• _Exercise requirements_
Exclude images, then output the remaining data verbatim.

• _Given information_

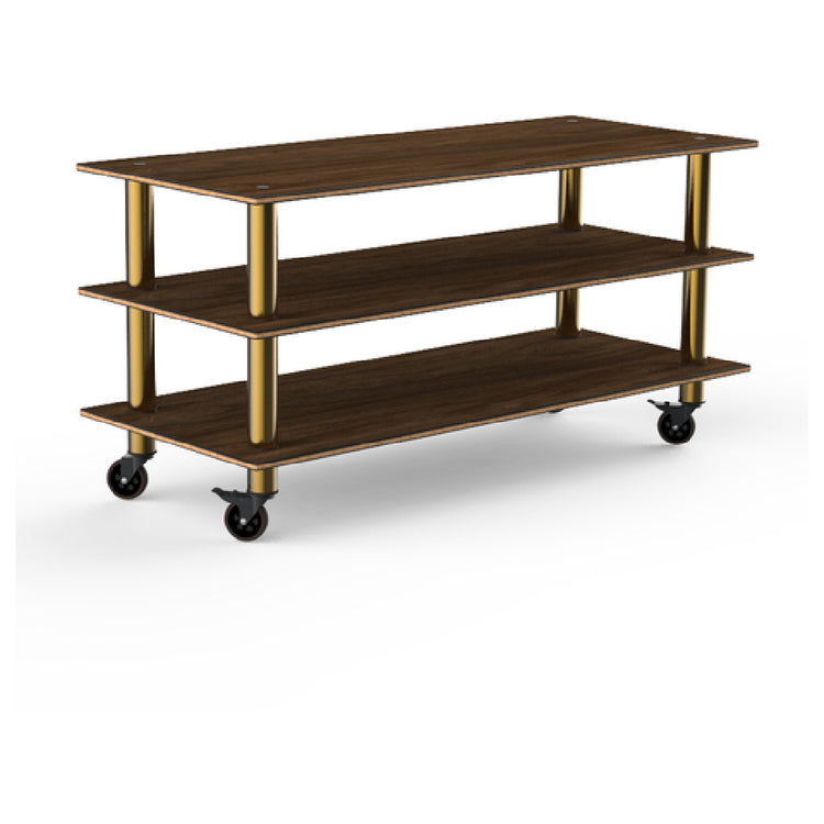 The Steelite MGCMLX01WBXW Mogogo Buffet Solutions Modular Classic Serving Station 3-tier is an innovative serving solution designed to cater to diverse market needs within the hospitality industry. This large, rectangular serving station measures 71 inches in length, 29-1/2 inches in width, and stands at a height of 35 inches, providing ample space for displaying a variety of culinary creations. It features a sophisticated design with a Bengali mango wood BHP high-pressure laminate top, which includes a bamboo core, offering durability and a touch of elegance. The serving station is equipped with brushed brass casters, allowing for easy movement and flexibility in setup, making it ideal for dynamic event environments. Its knockdown construction ensures convenient assembly and disassembly, facilitating transportation and storage. Whether for a hotel buffet, a catering event, or a banquet hall, the Steelite MGCMLX01WBXW combines aesthetic appeal with practical functionality. It is packed as a single unit, emphasizing its substantial presence and utility. This serving station represents a perfect blend of style and practicality, making it a valuable addition to any professional setting where quality presentation and versatility are paramount.
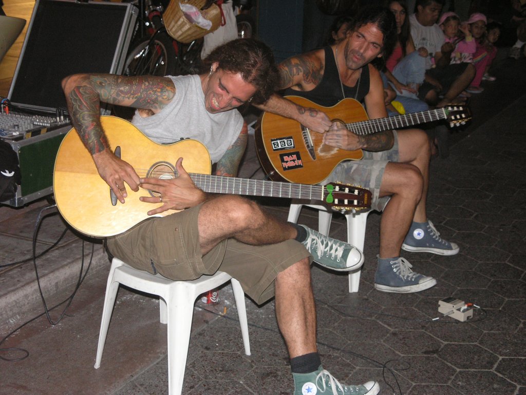 Нет, там ТОЛЬКО две гитары, за это ручаюсь головой )). Электроника только снимающая и усиливающая. Я смотрю и слушаю, когда стою, при этом стараюсь проследить работу пальцев и каждый отдельный звук. Иногда они проводят пальцем по струне - звук отдаленно напоминающий смычковый )). Эти двое виртуозы высокого класса. То, что они выбрали себе эту сцену и не уходят никуда - это, действительно слабо понятно. Может, они и работают еще где-то, не знаю. Кстати, приходят они задолго до своего времени (лицензия только на определенное время и место, с точностью до метров) и беззвучно бегают пальцами по струнам.
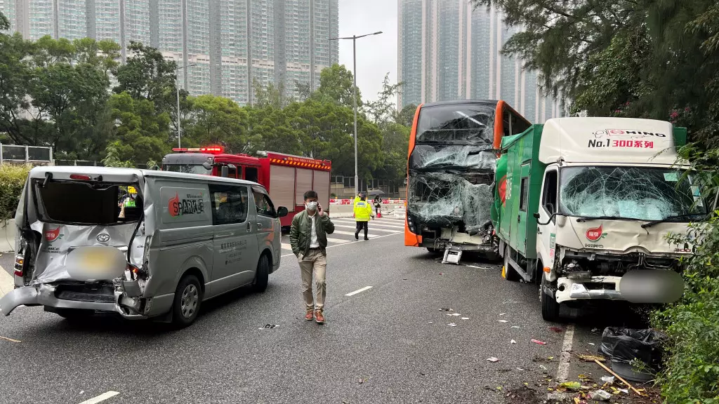 【10:30】意外涉及一部龍運巴士、一部食環外判清潔公司的5.5噸貨車以及一部客貨車。警方表示,暫時有5名傷者送北大嶼山醫院,另2人送瑪嘉烈醫院治理。
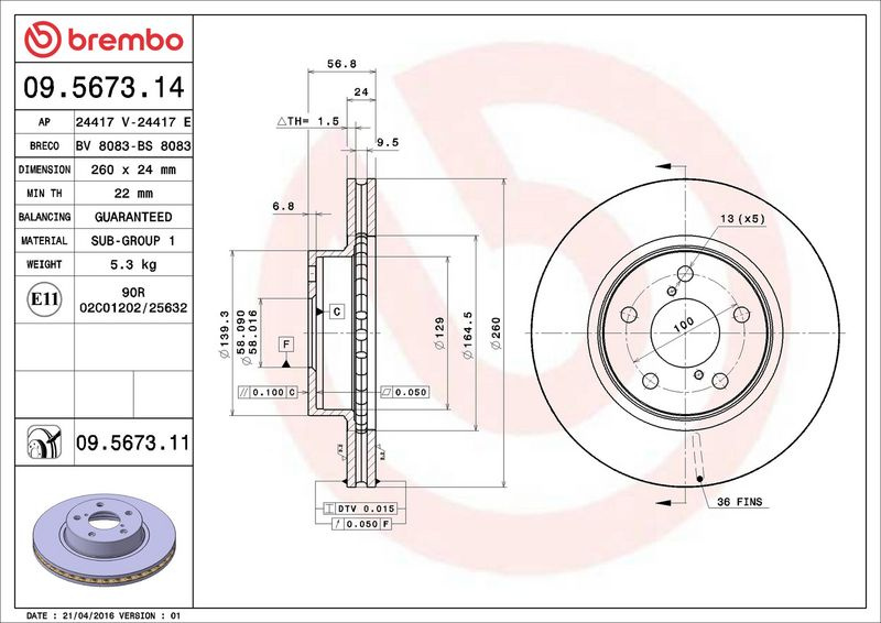 Brzdový kotouč BREMBO 09.5673.14 - SUBARU

• _Task answer_
 The Steelite MGCMLX01WBXW Mogogo Buffet Solutions Modular Classic Serving Station 3-tier is an innovative serving solution designed to cater to diverse market needs within the hospitality industry. This large, rectangular serving station measures 71 inches in length, 29-1/2 inches in width, and stands at a height of 35 inches, providing ample space for displaying a variety of culinary creations. It features a sophisticated design with a Bengali mango wood BHP high-pressure laminate top, which includes a bamboo core, offering durability and a touch of elegance. The serving station is equipped with brushed brass casters, allowing for easy movement and flexibility in setup, making it ideal for dynamic event environments. Its knockdown construction ensures convenient assembly and disassembly, facilitating transportation and storage. Whether for a hotel buffet, a catering event, or a banquet hall, the Steelite MGCMLX01WBXW combines aesthetic appeal with practical functionality. It is packed as a single unit, emphasizing its substantial presence and utility. This serving station represents a perfect blend of style and practicality, making it a valuable addition to any professional setting where quality presentation and versatility are paramount.
 Нет, там ТОЛЬКО две гитары, за это ручаюсь головой )). Электроника только снимающая и усиливающая. Я смотрю и слушаю, когда стою, при этом стараюсь проследить работу пальцев и каждый отдельный звук. Иногда они проводят пальцем по струне - звук отдаленно напоминающий смычковый )). Эти двое виртуозы высокого класса. То, что они выбрали себе эту сцену и не уходят никуда - это, действительно слабо понятно. Может, они и работают еще где-то, не знаю. Кстати, приходят они задолго до своего времени (лицензия только на определенное время и место, с точностью до метров) и беззвучно бегают пальцами по струнам.
 【10:30】意外涉及一部龍運巴士、一部食環外判清潔公司的5.5噸貨車以及一部客貨車。警方表示,暫時有5名傷者送北大嶼山醫院,另2人送瑪嘉烈醫院治理。
 Brzdový kotouč BREMBO 09.5673.14 - SUBARU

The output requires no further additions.